Annoyed…

You know when something happens and you get annoyed for some reason…and then usually the annoyed feeling goes away after a few minutes and you get on with your life….yeh… well sometimes i worry things annoy me way more than normal…things that aren’t even ‘annoying’ things…

The ‘Arguing for the sake of it’ approach

I rang to change some train tickets:

Ticket Man: What is your name?
Me: The tickets are booked under Sue Theaker
Man: Is that you?
Me: No
Man: Who is she?
Me: My mum
Man: Then i have to speak to her
Me: She’s not here, but she paid under my name, with my card and the tickets are for me
Man: I can’t see that on my system so i have to speak to Sue
Me: but i could have just pretended to be Sue
Man: Yes but you didn’t
Me: Fine, so i’ll ring back in 10 minutes and say my name is Sue Theaker and you’ll do it?’
man: No cos i’ll know
Me: yeh but i might get someone else in the call centre and they won’t know
Man: That is not the point
Me: so it’s ok for my mum to use a credit card that doesn’t belong to her to pay for stuff over the phone, but you won’t speak to me cos i have the the wrong name?!
Man: yes
Me: goodbye

The ‘Just plain irrational’ approach

We went to an air show the other day (in Gloucestershire) and while we were waiting on the coach to come home, I saw there was a Belgian coach waiting… It was 6.30 pm by this time and I became irrationally concerned about how the Belgians were going to get home before bed time….to the point where I kept firing questions at Neil ‘do you think the coach is going all the way back tonight?’ ‘Will they be able to sleep on the coach?’ ‘Maybe they will stay at a hotel in England tonight?’ ‘Maybe they are coming back to the air show tomorrow?’. Of course Neil couldn’t answer any of my questions and he is used to my obsessive weirdness so he mainly ignored me. Then I realised I had let the plight of the Belgian tourists stress me out far more than I should have and the fact that there were all these unanswered questions going around in my head for NO LOGICAL REASON made me so mad.

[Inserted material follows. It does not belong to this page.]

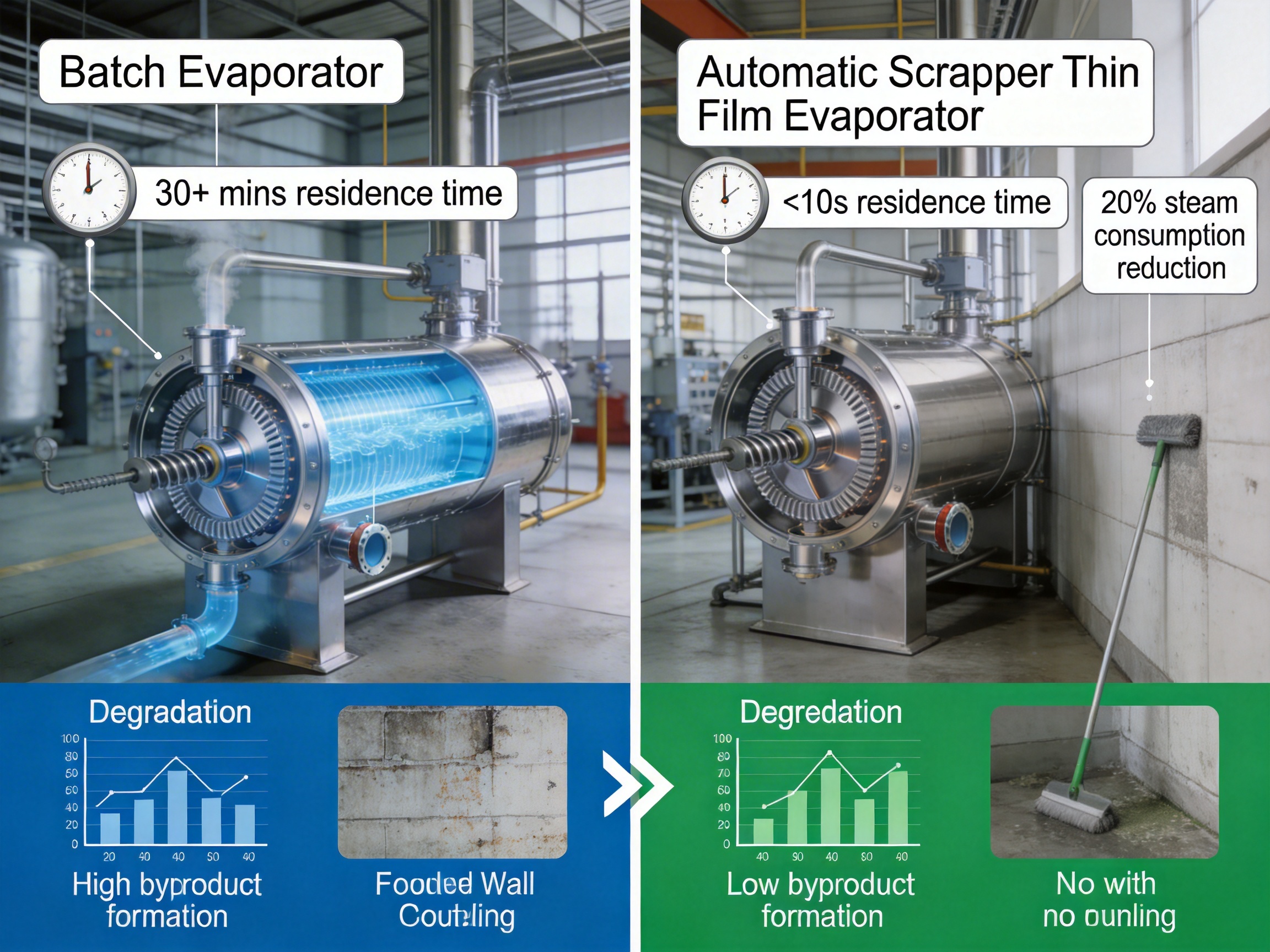 Results: - Purity Increase: Product purity rose from 96% to 99.2%, meeting the strict requirements of downstream pharmaceutical clients. - Degradation Reduction: Thermal degradation rate dropped from 12% to 2.5%, increasing yield by approximately 10%. - Downtime Reduction: Fouling-related downtime decreased by 60% (from every 2 weeks to every 5 weeks), improving production uptime. - Energy Savings: Steam consumption was reduced by 18%, cutting annual energy costs by $120,000. - Operational Efficiency: The system’s stable operation reduced the need for manual intervention, freeing up staff to focus on other tasks.

The ‘i really should just shut my mouth’ approach

One time in the gym….I was doing some crunches (people who know me, know i don’t do the gym for fun..), and an instructor came over and told me I was doing it wrong and shouldn’t be holding my head. Instead of just smiling and nodding like a normal person…i got freakishly annoyed with the man and proceeded to tell him that my head would fall off if i didn’t hold it and that my neck is too weak for crunches and that he should be glad i am even at the gym in the first place and if he didn’t go away and leave me alone i would leave.

The Overreaction 

Then there was the time i was on holiday with the girls…in spain… and on our first night in the hotel we got told off for being a bit too loud… we weren’t really being that loud to be honest but fair enough…we shut up. The security guard who told us off seemed to have a personal vendetta against us for the rest of the holiday however and a few days later when we were all fast asleep he cam banging on the door. I got up to answer the door cos i was sleeping in the loungy bit of our room. The guard said “I’ve told you girls before, please keep the noise down”…i stared at him, looked down at my PJs, and full on shouted…’FOR GOD’S SAKE (i think i mighta said something worse than this but i don’t like to commit swearing to text) MAN…YOU HAVE JUST WOKEN ME UP TO TELL ME TO BE QUIET, WHAT THE HELL DO YOU THINK WE WERE DOING, HAVING A SLEEP WALKING PARTY!!!’ whereby the man looked startled and my friend came running over to restrain me and assure the man i wasn’t mentally unstable.